JP2002333630A - Color filter and color liquid crystal display element - Google Patents

Abstract

PROBLEM TO BE SOLVED: To provide a color liquid crystal display element having satisfactory display quality by suppressing interference fringes in a screen near to a frame part. SOLUTION: In a color filter having fixed spacers, the color filter for a liquid crystal display element is characterized in that the modulus of rigidity per 1 mm<2> square of the color filter screen of the spacer positioned in the sealing part is higher than that of the spacer positioned outside the display screen. The color liquid crystal display element is formed by using the color filter.

Description

DETAILED DESCRIPTION OF THE INVENTION

[0001]

BACKGROUND OF THE INVENTION 1. Field of the Invention The present invention relates to a color liquid crystal display device using a color filter having a fixed spacer.

[0002]

2. Description of the Related Art Conventionally, a color liquid crystal display element has a structure in which an electrode substrate having a thin film transistor (TFT) and a plurality of scanning electrodes and a substrate on a color filter side are maintained in order to maintain the thickness (cell gap) of a liquid crystal layer. In between, beads such as plastic or silica or glass fibers are used as spacers. Here, since the bead spacers and the like are scattered, it is not fixed at which position (in-plane position) between the electrode substrate and the substrate on the color filter side.
JP-A-56-140324, JP-A-63-32405,
JP-A-4-93954, JP-A-5-196946, and JP-A-10-82909 propose a liquid crystal display device using a spacer formed on a colored layer of a color filter or a spacer formed by overlapping colored layers. I have.

[0003]

In a color liquid crystal display device using plastic beads or the like as a spacer, the position of the spacer is not fixed because the spacer is scattered. I do it. When the spacer is located on the display pixel portion, light is scattered or transmitted, and there is a problem that the display quality of the liquid crystal display element is reduced. In addition, there is also a problem that the cell gap becomes non-uniform due to the aggregation of the spacers. Further, the spacer may move during voltage application or during transportation of the liquid crystal display element, and may damage the alignment film.

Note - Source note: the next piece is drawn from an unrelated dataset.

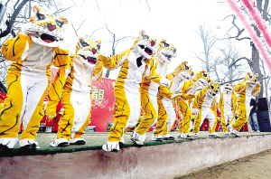 2月9日,在郑州商都民俗庙会内,一群“小老虎”从舞台上跃下,准备与游客进行互动。2010年农历是“虎年”,河南各地的一些民间文艺团体纷纷挖掘“虎元素”,打造“虎文化”,以求在春节期间的表演中抖起“虎”精神,上演一幕幕“虎跃中原”的好戏。 新华社记者 王颂 摄
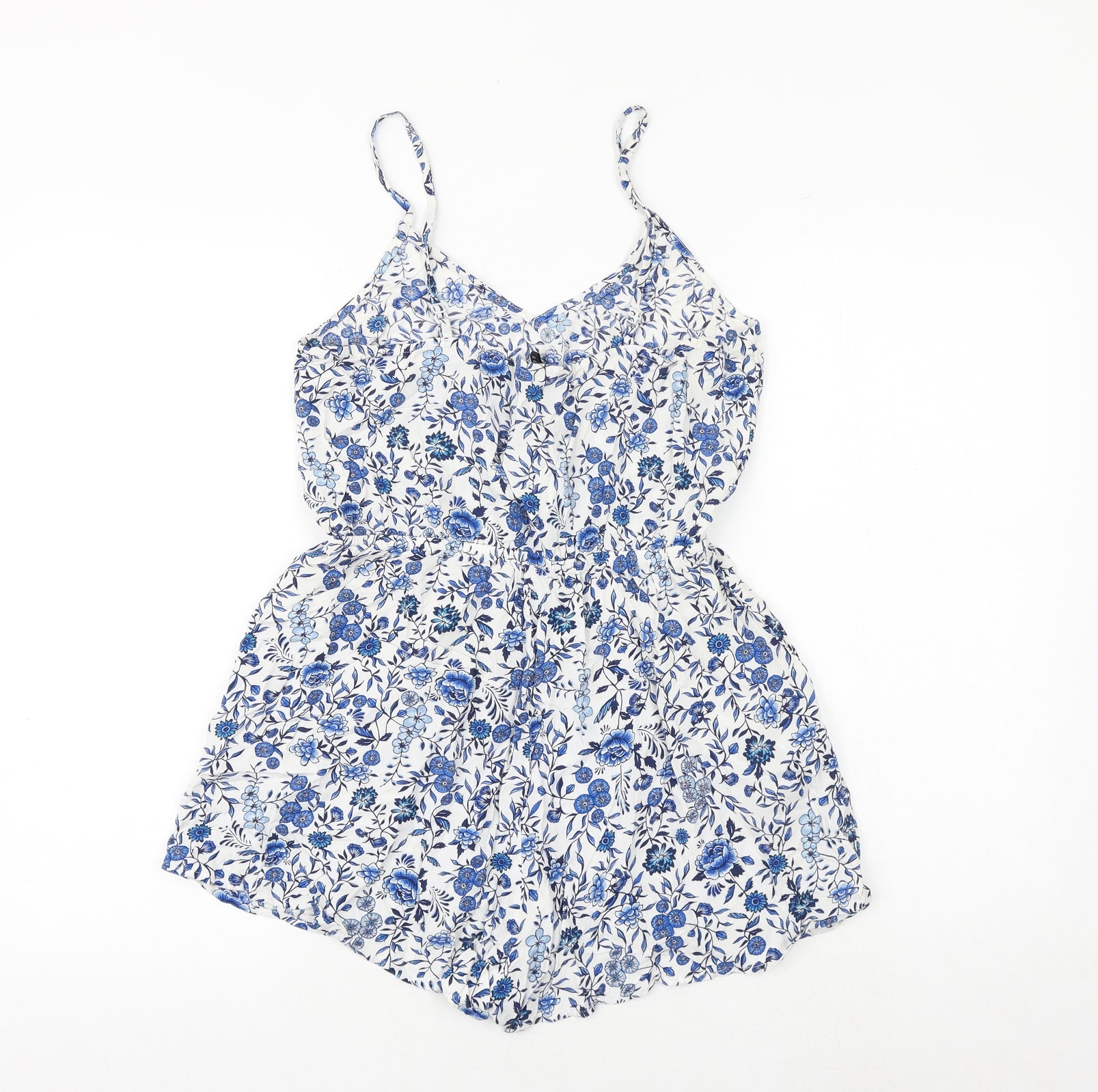 Womens Blue Floral Viscose Playsuit One-Piece Size 10 Pullover

[0004] As described above, in the bead spacer, it is necessary to perform a process of uniformly dispersing the spacer, or it is necessary to control the particle size distribution of the spacer with high accuracy. Was difficult to get. Furthermore, since the thickness of the pixel portion and the frame portion in the color filter are different, and the density of the spacers applied to the frame portion tends to be lower than that of the pixel portion,
Reflecting the non-uniformity of the cell gap determined in such a state, problems such as generation of interference fringes on a screen close to the frame were likely to occur.

For this reason, a color filter having a spacer having a fixed formation position is disclosed in Japanese Patent Application Laid-Open No. 56-14032.
4, JP-A-63-32405, JP-A-4-93954,
It is proposed in Japanese Patent Application Laid-Open Nos. 5-196946 and 10-82909. However, although there is disclosure of the shape and characteristics of the spacer alone, the display screen, the seal portion, and a liquid crystal display element having a high display quality without interference fringes can be obtained by arranging spacers outside the display screen with any characteristics. There is no disclosure of what can be done. In the liquid crystal display device using a color filter having a fixed spacer, sealing portion, if not the proper relationship of rigidity per the color filter screen 1 mm ² corners of the spacer outside the display screen, the interference fringes on the screen close to the frame portion Problems such as the occurrence of problems still remain.

In view of the above problems, the present invention provides a color filter and a color liquid crystal display device which realize a sufficient cell gap, maintain a uniform cell gap over the entire display screen, and overcome the above-mentioned conventional disadvantages. The task is to provide.

[0007]

In order to achieve the above object, a color filter and a color liquid crystal display device of the present invention have the following arrangement. That is, "in the color filter having a fixed spacer, and wherein the said color filter screen 1mm shear modulus per ^second corner of the seal portion the spacer is greater than the shear modulus per ^second corner said color filter screen 1mm of the display screen outside the spacer Color filter or color liquid crystal display device for liquid crystal display device. The present invention will be described in detail below.

[0008]

Embodiments of the present invention will be described below. FIG. 1 shows an example of a color liquid crystal display device of the present invention.
However, the present invention is not limited to this.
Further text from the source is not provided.